A partir dessa realidade, defendemos que o país invista todo o dinheiro necessário para garantir mais UTIs, para contratação de novos profissionais da saúde, para possibilitar Epis para todos os trabalhadores da saúde e dos outros serviços essenciais. Nenhuma vida é descartável e nenhuma morte deve ser considerada normal com alegação de falta de verbas. Por isso avaliamos que a vida deve estar acima dessa dívida pública e dos lucros dos banqueiros e defendemos a suspensão do pagamento da dívida e destinação desses recursos para o combate ao coronavirus e áreas sociais.

Defendemos também a estatização dos hospitais, laboratórios e equipamentos de saúde privados, para que se possa controlá-los via atuação dos trabalhadores do setor e garantir a divisão de acordo com as necessidades de saúde do povo, não apenas de quem pode pagar.


A campanha “A vida acima da dívida” defende a suspensão do pagamento das dívidas internas e externa com os banqueiros, propondo canalizar esses recursos para as áreas sociais.

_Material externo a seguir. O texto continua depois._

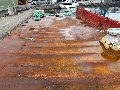 Det ligger mye rust og slam i bunn, trenger vask men platetykkelse er målt til ca. 5 mm.
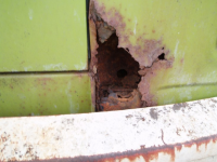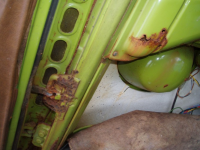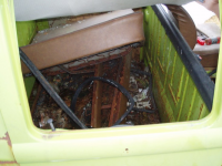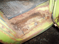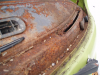 Rust er ingen hindring, Glenn! Takraset treng berre nye inner og ytterkanalar, samt eindel av sidepanelet/bakskjermen på venstre sida, + bakkant av bakskjermen og litt batterikassa, eit område ved støtfangarfestet bak, eitpar hol i golva, eit ihelrusta dasjbord, og vekkrusta setebeltefester samt manglande jekkfester eindel plassar og heilt sikkert meir til og endå meir.. fort gjort, men taket kan ta litt tid å få rett.
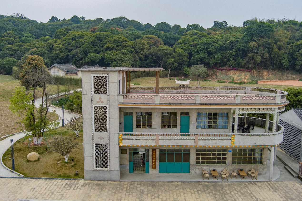 广场另一侧,经过升级改造,岭头村口两层办公楼房改造成为“黄埔红”文史馆、砖房改造成茶室以供观光、休憩、品茶。建筑外墙雕花的窗台、白绿相间的瓷砖、湖蓝的铁门和重新上漆的铁窗,有浓郁的复古格调。
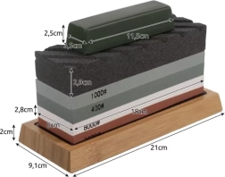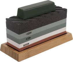 Зърнометриите 400/1000/3000/8000 покриват всичко – от агресивно сваляне на материал до фино полиране. Бързо възстановяване на режещия ръб и перфектно финално заточване на едно място.
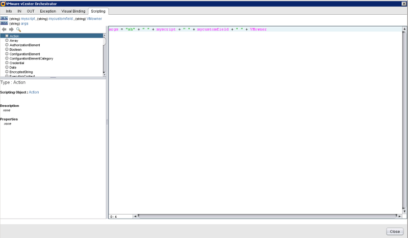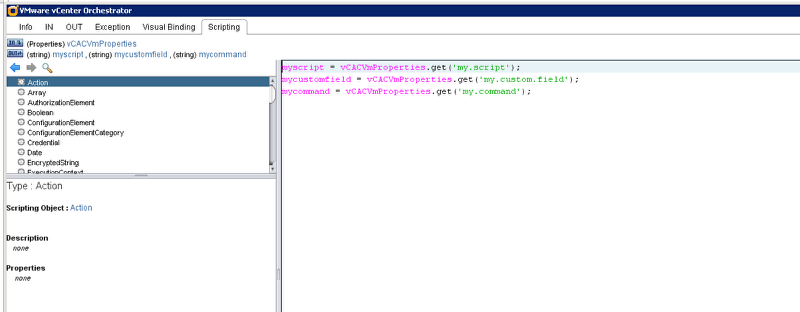 myscript = vCACVmProperties.get('my.script'); mycustomfield = vCACVmProperties.get('my.custom.field'); mycommand = vCACVmProperties.get('my.command');

O sistema da dívida movimenta uma montanha de recursos, que com juros e amortizações, destinou aos banqueiros e fundos de pensão cerca de 38% do orçamento de 2019, totalizando R$ 1 trilhão de reais.

Nos somamos à campanha online da Auditoria Cidadã da Dívida, movimento social com longo histórico na batalha contra os banqueiros e o sistema financeiro, que exige a suspensão do pagamento da dívida e sua auditoria.